Göçlerin 1970'ten sonra hızlandığı söylenmekteder, ki doğrudur..
Şu bir gerçek ki, insanlar Adalar’ı pek sevmiyor; gerek Türkiye’de, gerekse Yunanistan adalarından insanlar, büyük kentlere kaçıyor, durmuyorlar ada da. Ah, ben adalı olacağım; hayatta karaya dönmem, ada da kalırım.
Gökçeada Dereköy’de gördüm; bazı yaşlı Rumların, tek başına yaşadıklarını. Örneğin, yaşlı bir kadın veya yaşlı bir erkek. Her ikisi de eşlerini kaybetmiş, çocukları Atina’ya kaçmış, geleceği ötelemiş, geçmişi yaşayan özlem yüklü hüzünleriyle yapayalnızlar. Dereköy’deki Mihail Muço amca ve Reime Muço teyze yalnız değiller. Onların çocukları da Atina’ya göçmüşler, fakat kendileri Gökçeada’yı terk etmemişler, yazları çocukları geliyor.
Göç etmemelerinin önemli bir nedeni de, Reime teyzenin Türk ve Müslüman olması. Reime teyze, ulusal futbol takımının bir dönem çalıştırıcılığını yapan Tınaz Tırpan’ın teyzesi. Mihail amca ile Reime teyze, evrensel barışın, yani dinler ve uygarlıklar arası diyalogun önemli evrensel figürleri. Birbirlerine ‘dinlerine ve geleneklerine’ son derece saygılılar.
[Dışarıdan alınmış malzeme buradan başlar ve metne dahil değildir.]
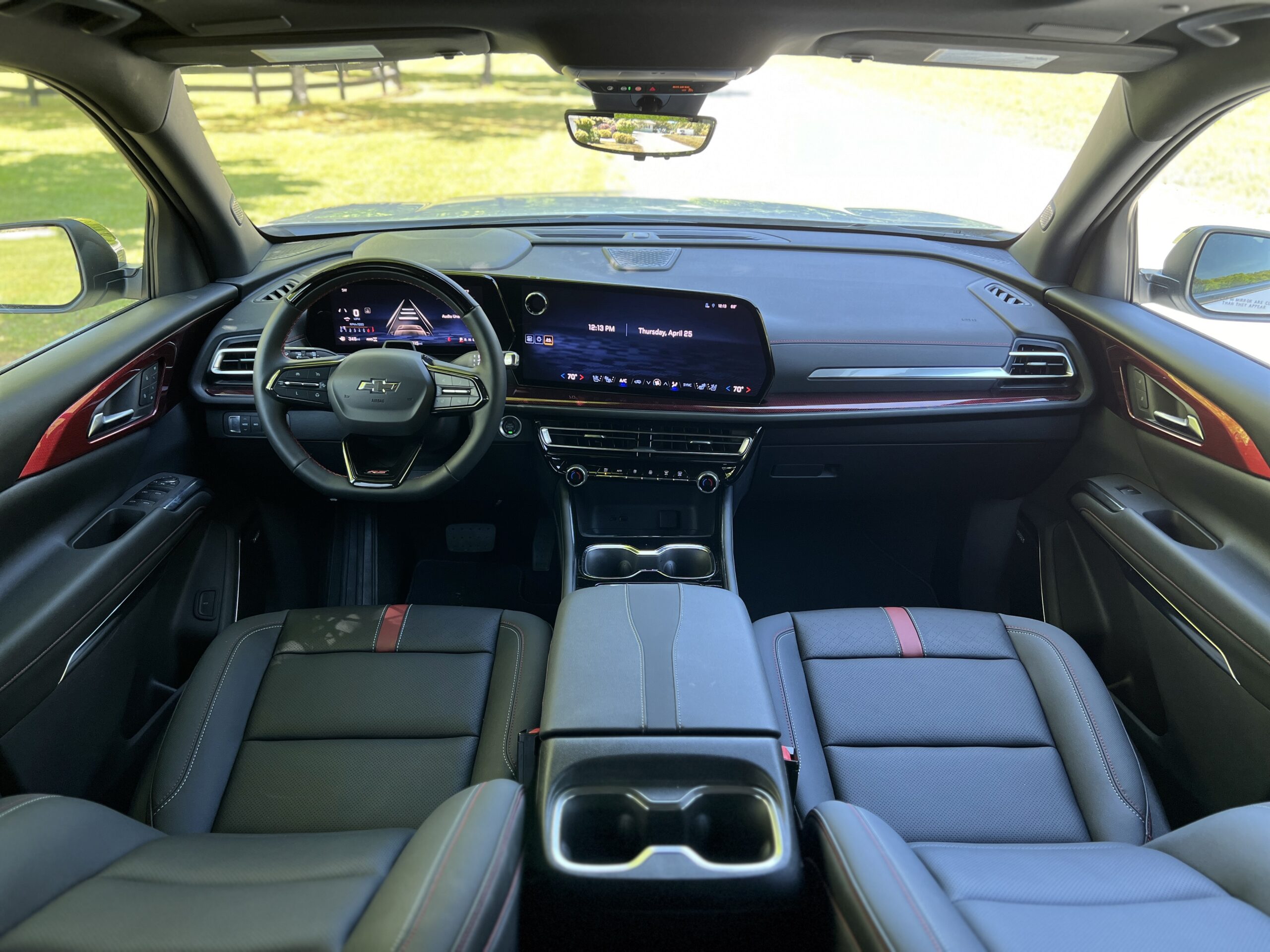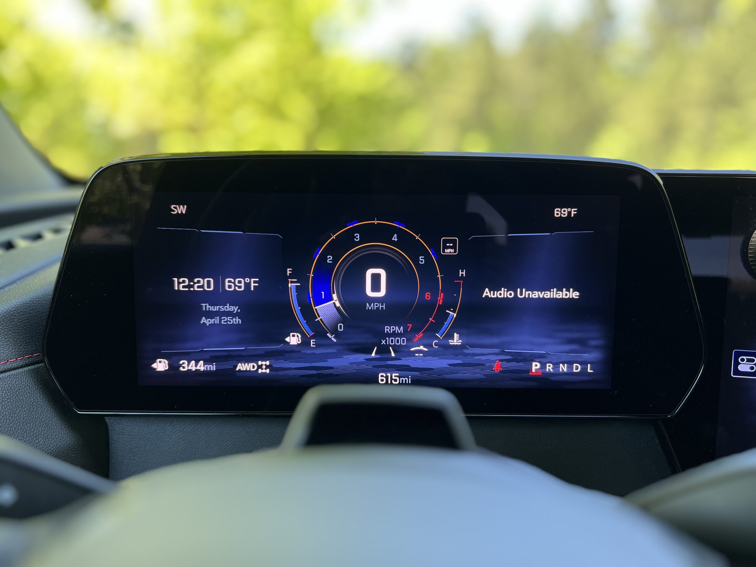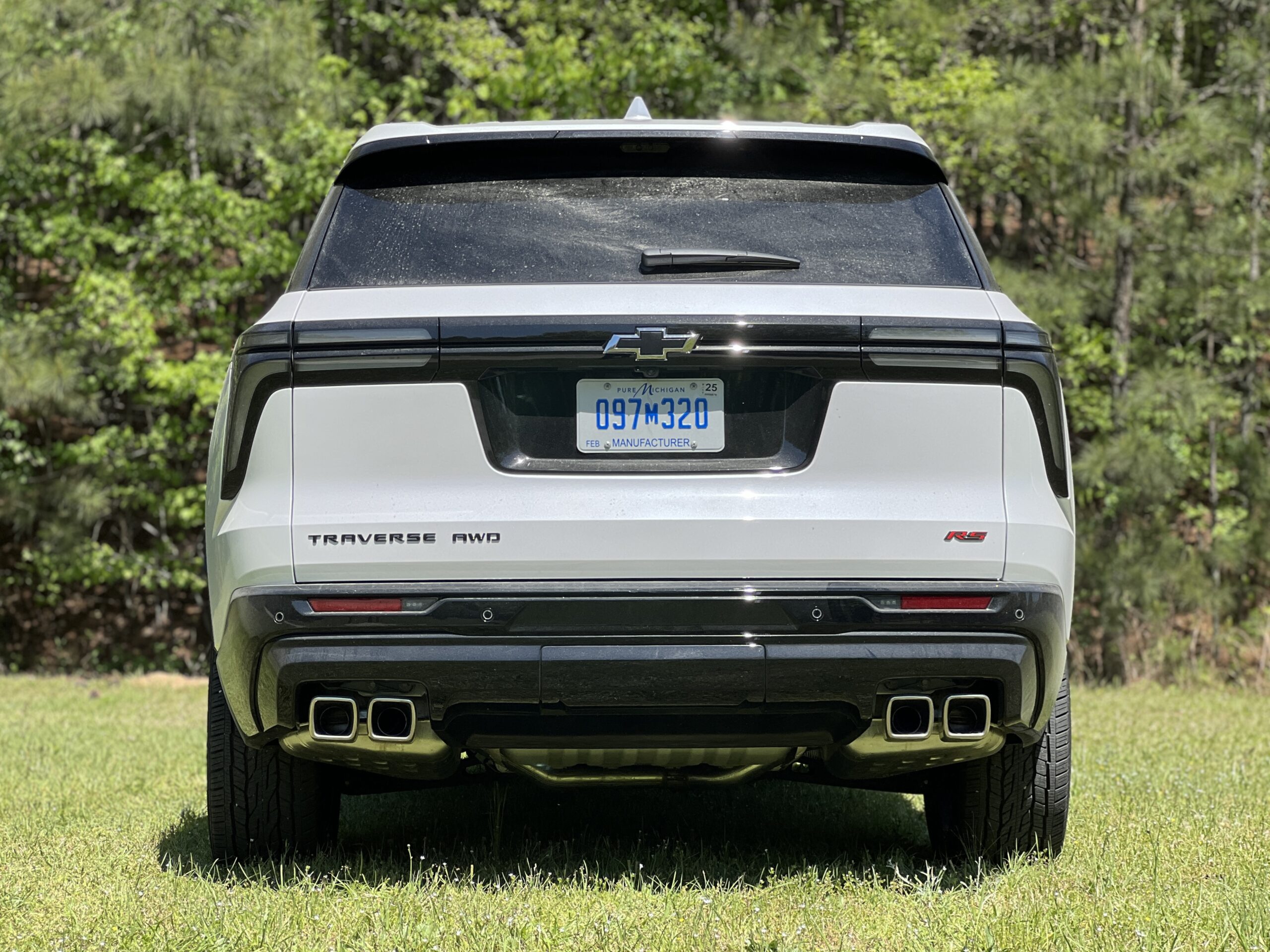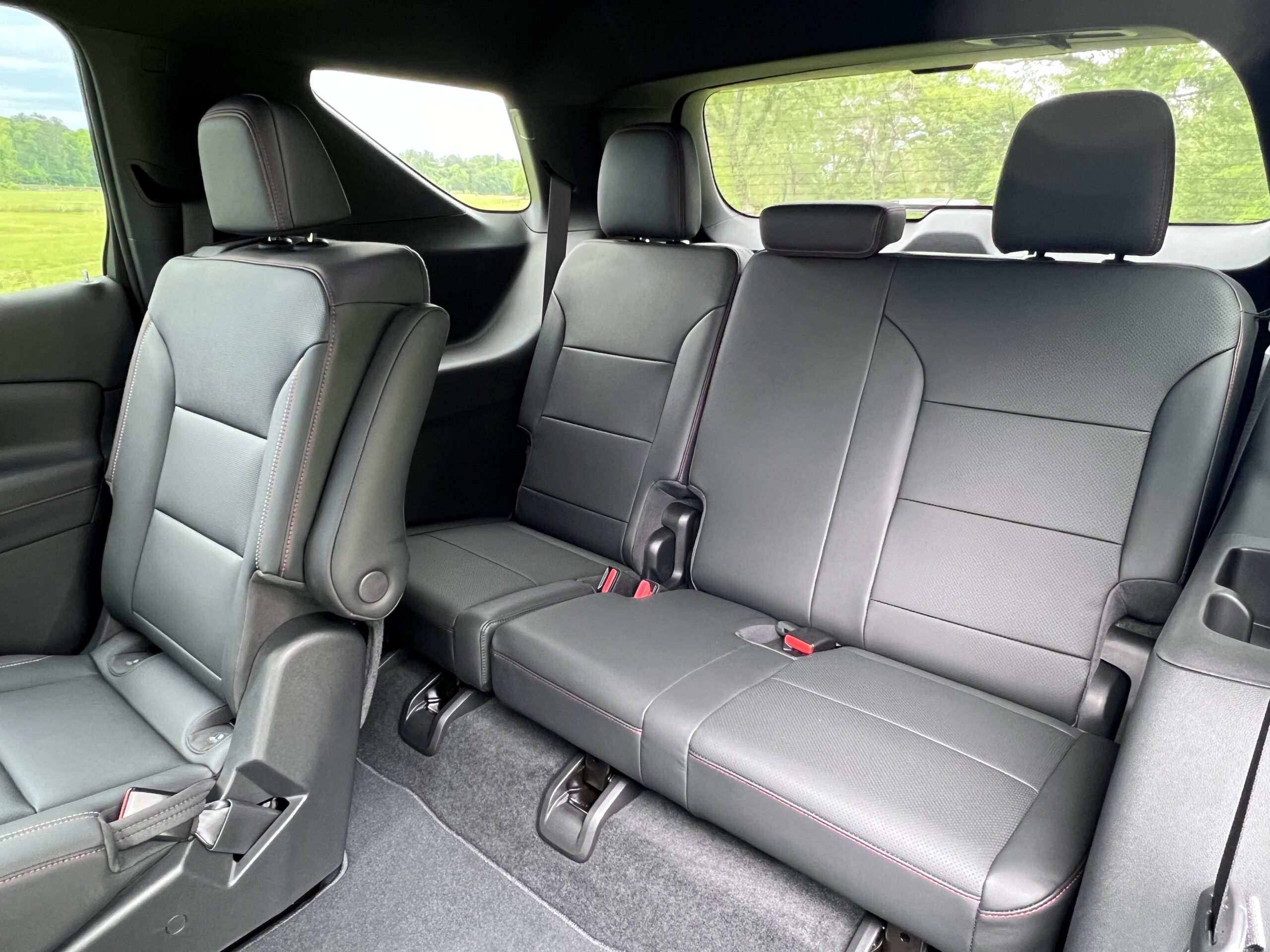 I’ll preface this by saying that every Traverse I tested was an early production model. The biggest letdown with the new engine is the sound. V6s traditionally offer a relatively guttural growl. Even if it’s not powerful, it sounds like it is! But in a large vehicle with a cavernous engine bay such as the Traverse, the four-banger sounds distant. Off the line at low rpm, regardless of drive mode, its whine and whirr is more befitting of a small sedan, not a three-row crossover. Its aural aspirations are just that: wishful thinking. To be fair, yes, the 2024 Traverse has more power, but it’s also nearly 200 pounds heavier than before. The RS AWD which weighed 4,602 pounds last year now weighs 4,792. Might as well put “+18 hp” on a sticker and call it even.

Tamamen yalnız olanlardan Niko ve Elena hiç kıyıya inmezlermiş, çünkü sevdiklerini götürdüğü için denize öfkelilermiş. Benzer durumların Bozcaada’da da yaşandığını söylüyor Hakan Erbil. Yalnız, o yalnız Rumların da kalmadığını vefat ettiklerini özellikle vurguluyor.
Bozcada özel günleriyle hayli varsıl. Örneğin, Şarap Tadım günleri, Yelken Yarışları, Uçurtma Festivali, Bağ Bozumu Festivali, Dağ Bisikleti Maratonu, Ayazma Panayırı, Ozanın Günü, Bozcaada Festivali.
En önemlisi 26 Temmuz’daki ‘Ayazma Panayırı’ imiş. O gün; Bozcada’ya, salt çevre adadaki Rumlar değil, dünyanın dört bir yanından Rumlar gelirmiş. Yenir, içilir, Rumca şarkılar söylenir dans edilirmiş.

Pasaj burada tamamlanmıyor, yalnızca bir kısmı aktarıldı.